LA VINCULACIÓN ENTRE AMENAZAS MUTUAS
A lo largo de los años, Geddes, de 64 años, ha tratado de construir relaciones para romper las barreras culturales, étnicas y religiosas a través de esfuerzos tales como una tutoría extraescolar y un jardín en el vecindario. Aún así, las relaciones entre la iglesia pentecostal y los vecinos islámicos que operan en el edificio de oficinas y una guardería han sido tensas debido a teologías fundamentalmente diferentes.

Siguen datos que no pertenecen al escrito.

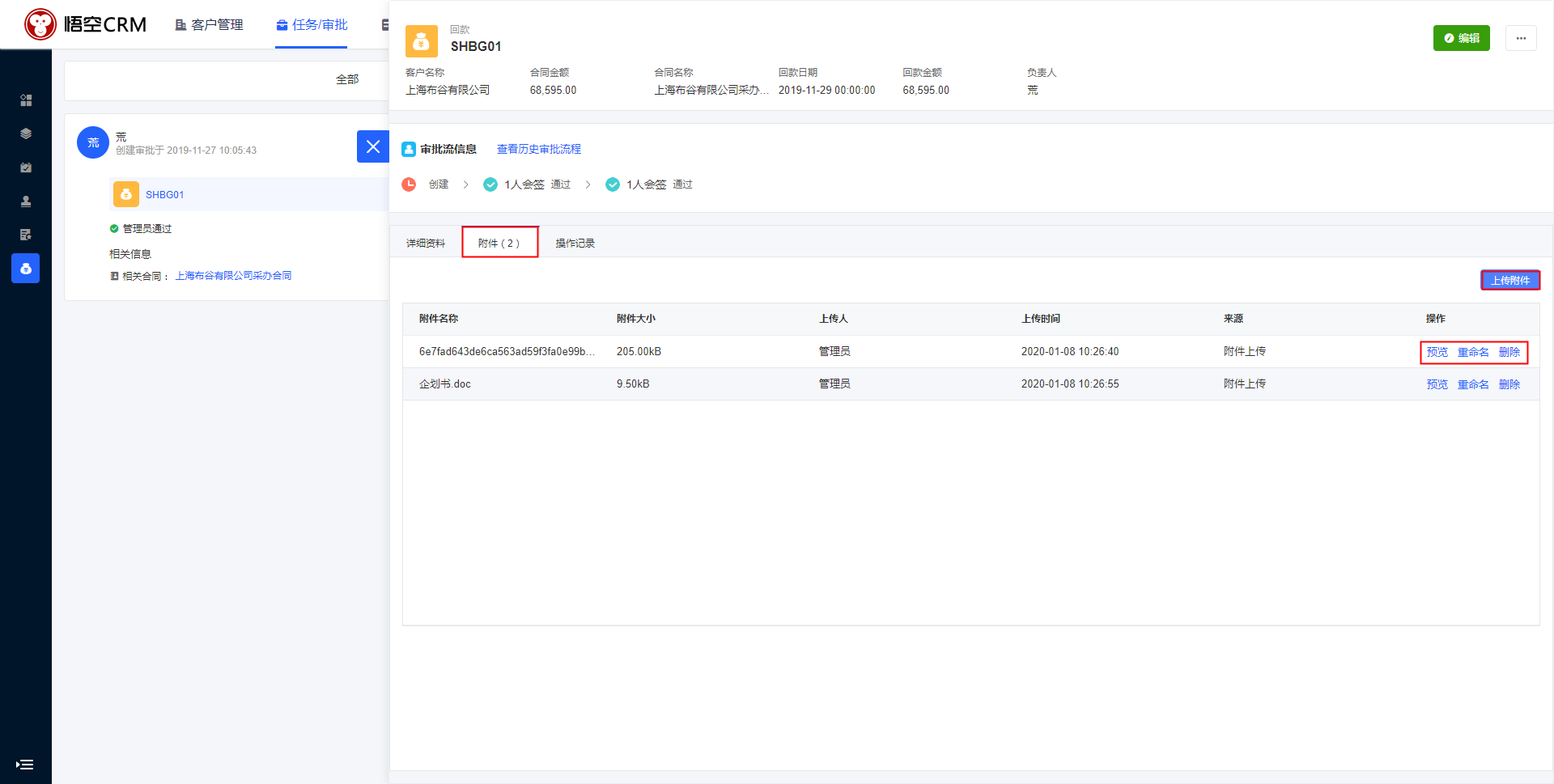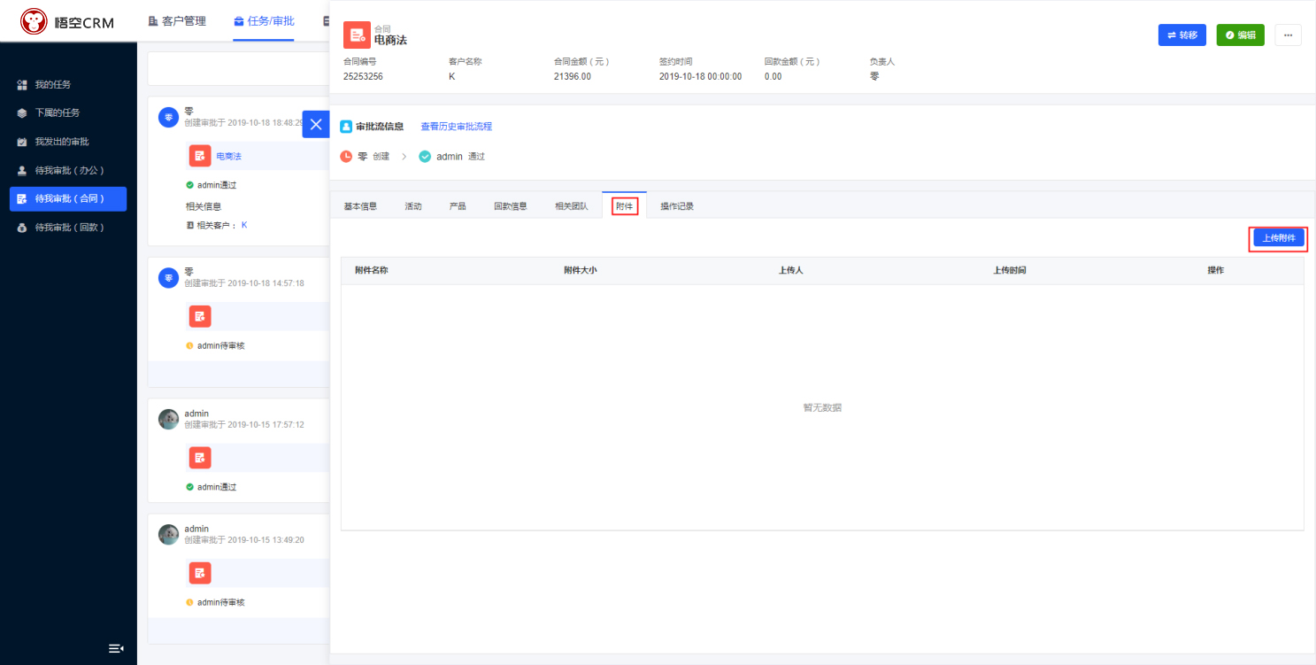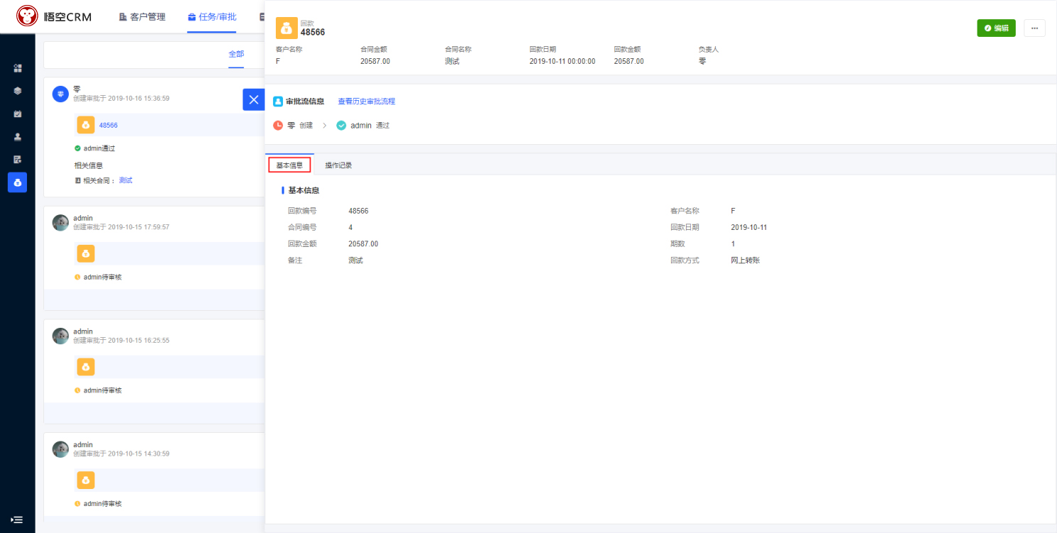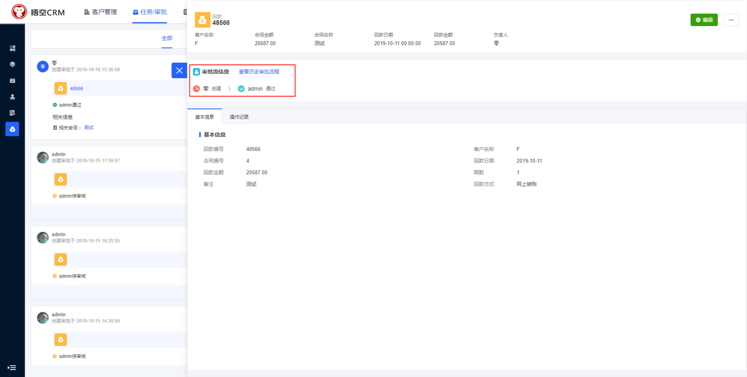 在CRM待我审批(回款)中,点击回款编号,在回款详情中会显示所有与回款相关的数据。

Ese muro ha empezado a desmoronarse.

En medio de las protestas, la noche del 29 de mayo, cuatro hombres blancos subieron al techo del Centro Internacional de Cristo. Las personas de color constituyen alrededor del 60 por ciento de los asistentes, incluyendo africanos, afroamericanos, hispanos y nativos americanos.

Un cuidador que tiene un apartamento en la iglesia vio a los intrusos y los confrontó.

"Afirmaron que subieron al techo para tener una mejor perspectiva de las protestas," dice Geddes. "Pero creemos que tenían motivos ocultos. Encajan con la descripción de los agitadores que vinieron de otros lugares. Sabemos que se dirigieron a empresas e iglesias de propiedad de negros."

Cinco vecinos somalíes que habían estado patrullando para proteger su edificio de oficinas ayudaron al cuidador de la iglesia a sacar a los intrusos de la propiedad.

Posteriormente, la semana pasada, uno de los dueños del edificio de oficinas llevó a su imán a la iglesia para conocer a Geddes. "Ahora somos grandes amigos, por cierto," dice Geddes de sus vecinos.

"Por mucho que haya lamentado la destrucción que acompañó a los disturbios, la situación ha sido un impulso para establecer buenas relaciones con nuestros vecinos somalíes," dice Geddes, quien también es secretario de la Fraternidad Nacional de Afroamericanos de las AD. "Hemos estado rezando para que el Señor nos muestre cómo podemos ser sal y luz."

Geddes pasó la noche del 30 de mayo en la iglesia para tratar de proteger el edificio ante las amenazas de incendio. Para entonces, él y los vigilantes somalíes adyacentes habían elaborado señales luminosas para notificarse mutuamente en caso de ver problemas.

Ese mismo día, otros cuatro hombres blancos vestidos con ropa similar incendiaron un garaje en un callejón a tres metros de la iglesia. Geddes cree que si el departamento de bomberos no hubiera respondido rápidamente, el fuego se habría extendido y habría consumido la iglesia en llamas.

Geddes espera establecer lazos aún mejores una vez que las protestas y las restricciones de COVID-19 se disipen.